Medical bills and health-related expenses can really take a bite out of any family's budget. Medical bills are one of the leading causes of bankruptcy in the U.S. In fact, I was forced to file for bankruptcy at the age of 25 because my son needed surgery and my health insurer refused to pay for it. That, coupled with a six-month stint of unemployment, drained my finances and led to the bankruptcy filing. It was one of the most shameful moments of my life, but I had no other choice.

Had I known then what I know now, I may have been able to pay off my medical debts, or avoided some of them altogether. You can't avoid medical expenses. Everyone, at one point or another, needs to see a doctor, get a vaccination or buy prescription medications. However, there are ways of trimming your medical costs. Here are 10 lessons I learned the hard way:

1. The emergency room is the biggest rip-off at the hospital. By all means, if you have a true medical emergency, like a serious injury, go to the emergency room. Don't go to the ER for things like the flu, an ear ache, or anything else that probably could wait a day or so until you can go to your regular physician. Avoiding the ER like the plague will save you a ton of dough...unless you actually have the plague.

2. Shop around for prescription drugs. The pharmacy at the hospital must be a serious money-maker, because drugs there cost much more than drugs you will find at an outside pharmacy. Shop around a little before getting your prescription filled. You'll be surprised at how much the price varies. Don't forget, Walmart offers many generic drugs for only $4.

3. Always ask for generic drugs. There is little to no difference at all between name-brand drugs and the generics. This goes for the over-the-counter medications, too.

4. Find out if your health insurer offers a mail-order prescription plan. If you regularly use prescription drugs, you can usually get big cost savings by having your drugs sent right to your door step through the health insurer's mail order plan.

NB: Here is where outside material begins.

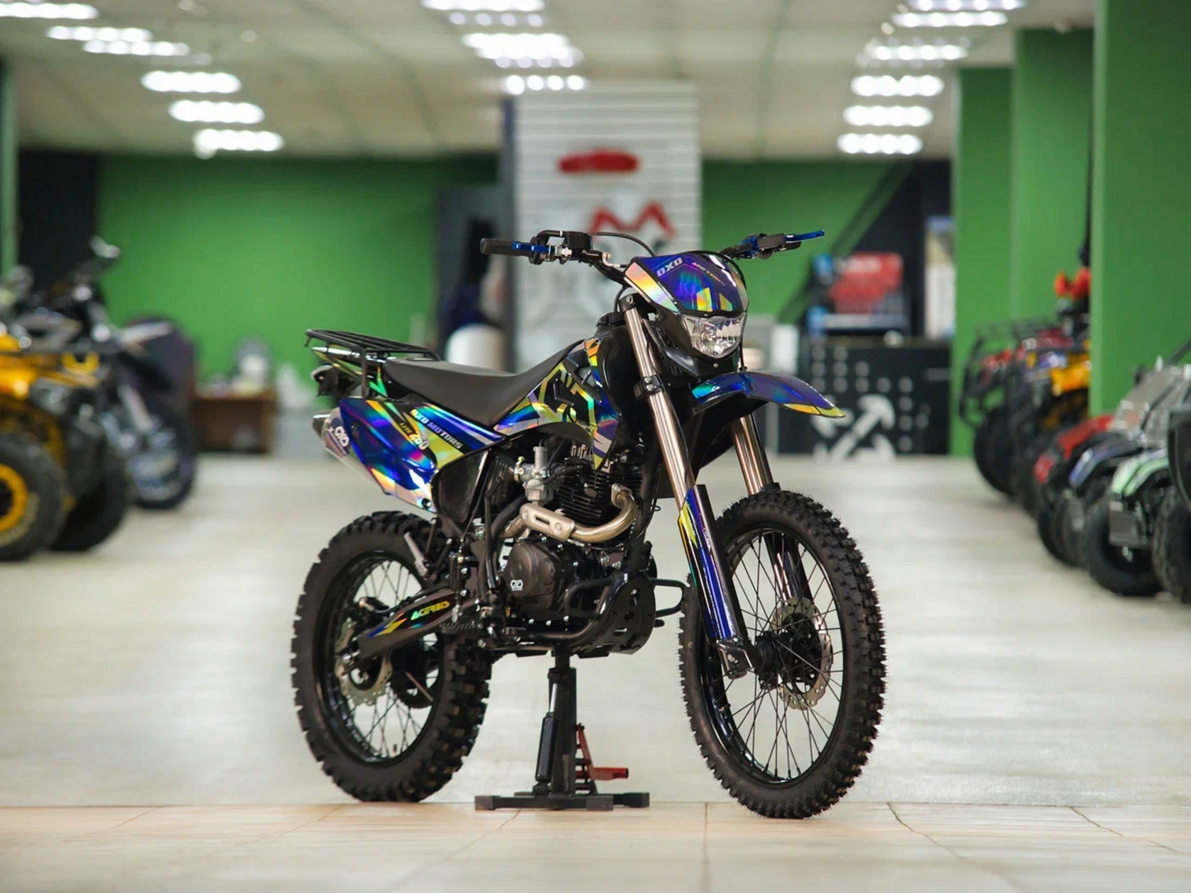 ДвигательДвигатель ZS165FMM - 4-тактный двигатель воздушного охлаждения объёмом 223 куб см с двумя клапанами, оснащён балансировочным валом, благодаря которому уменьшается избыточная вибрация, передаваемая от двигателя на раму и общую конструкцию техники. Характеризуется хорошей тягой с самых низов и лёгким пуском с помощью электростартера. Двигатель отлично зарекомендовал себя в качестве надёжного, универсального, неприхотливого мотора с хорошими характеристиками.РамаРама мотоцикла OXO производится из труб шестигранного сечения хром-молибденовой стали, которая является очень прочной и легкой. Геометрия рамы, благодаря правильно выверенному центру тяжести и углу наклона вилки - способствует наилучшей управляемости устойчивости мотоцикла на низкой скорости.ПодвескаПередняя вилка перевернутого типа. Мотоцикл снабжен моноамортизатором, который соединен посредством системы рычагов прогрессии. Система прогрессии, обеспечивает равномерную, мягкую работу и увеличивает длину рабочего хода подвески.КолесаРазмер передней покрышки: 80/100-21. Размер задней покрышки: 120/100-18. Они прекрасно себя ведут по песку и грязи, что позволяет райдеру отлично показать себя на пересеченной местности.Тормозная системаТормозная система мотоцикла - полностью гидравлическая с армированными шлангами. Спереди и сзади установлен двухпоршневой суппорт. Данная конфигурация тормозных механизмов, позволит быстро и безопасно остановиться с максимальной скорости даже на бездорожье.РульВажная часть современного эндуро мотоцикла - усиленный руль переменного сечения. На руле установлен рычаг заслонки подсоса. Алюминиевая ручка газа с коротким ходом имеет регулировку троса. Также мотоцикл укомплектован электронной панелью приборов..

5. Check out the local public health clinic. For things like flu shots, check out your local city or county public health clinic. These vaccinations are usually much cheaper than getting it done at your doctor's office.

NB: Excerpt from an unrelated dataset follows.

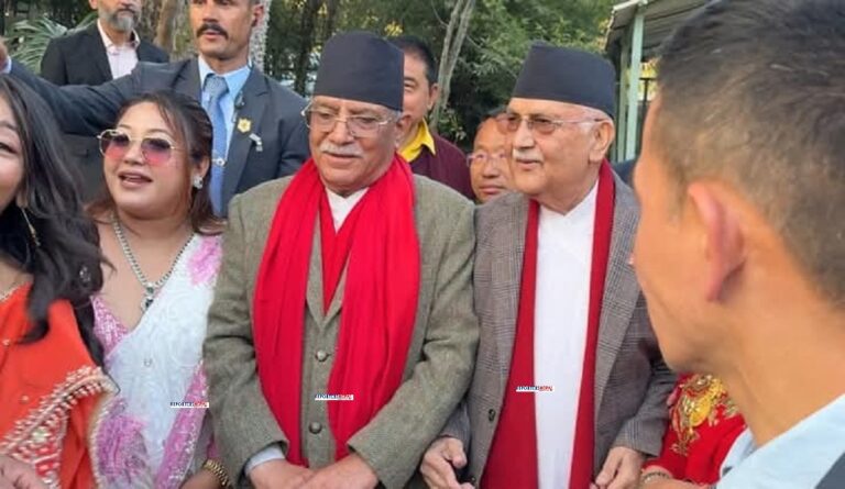 प्रधानमन्त्री ओली स्मिताको विवाह समारोहमा सहभागी, प्रचण्डसँग हार्दिकता छचल्कियो

6. Keep an eye out for public health fairs. You can usually get routine exams for your eyes, cholesterol and blood pressure done at a health fair...for free. Don't replace your annual physical exam with a health fair, but the free or low-cost exams can give you an idea of where you stand, and could possibly alert you to something that needs further medical attention.

7. Build an emergency health fund. There are Health Savings Accounts available at many banks. These allow you to stash cash away for medical expenses not covered by your insurance. Of course, you could put your money in any kind of high-interest savings or money market account and earmark it for medical expenses. You will spend it one day, so you know that it's not money that's just going to languish around in an account doing nothing.

8. Don't buy "reading glasses" at an optometrist's office. I had an eye exam two years ago after I realized I had a problem reading small type in books and on the computer screen. I had been using a cheap $4 pair of reading glasses I bought at Dollar General. The optometrist told me I did need reading glasses, and asked if I would like to pick out a pair at his office. They all cost in the $120 range. I showed him my "over the counter" readers and said "well, I've been using these". He said "if you're happy with those, you're fine. They're basically the same thing. We just have fancier frames." I was floored, but at least he was honest. I stuck with the $4 glasses.

9. Ask your doctor for a discount. Your doctor is like every other business you deal with...they just want to get paid. Ask if they'll give you a discount if you pay in cash. If your insurance covers most of the cost, this won't save you much money. But, if you are underinsured or uninsured, this could save you some money...and many doctors are willing to do it. After all, getting some money is better than not getting any. Also, ask your doctor if they have samples of any prescriptions they write for you. They usually do.

10. Don't get sick in the first place. Let's face it, some of the stuff we go to the doctor for is preventable. If you smoke, stop. If you are overweight, eat less and move more. Avoid people who have the flu. Wash your hands, and do it often. Eat the right kinds of foods. Take your vitamins. It's cheaper to take care of yourself and keep from getting sick than to be treated once you do get sick.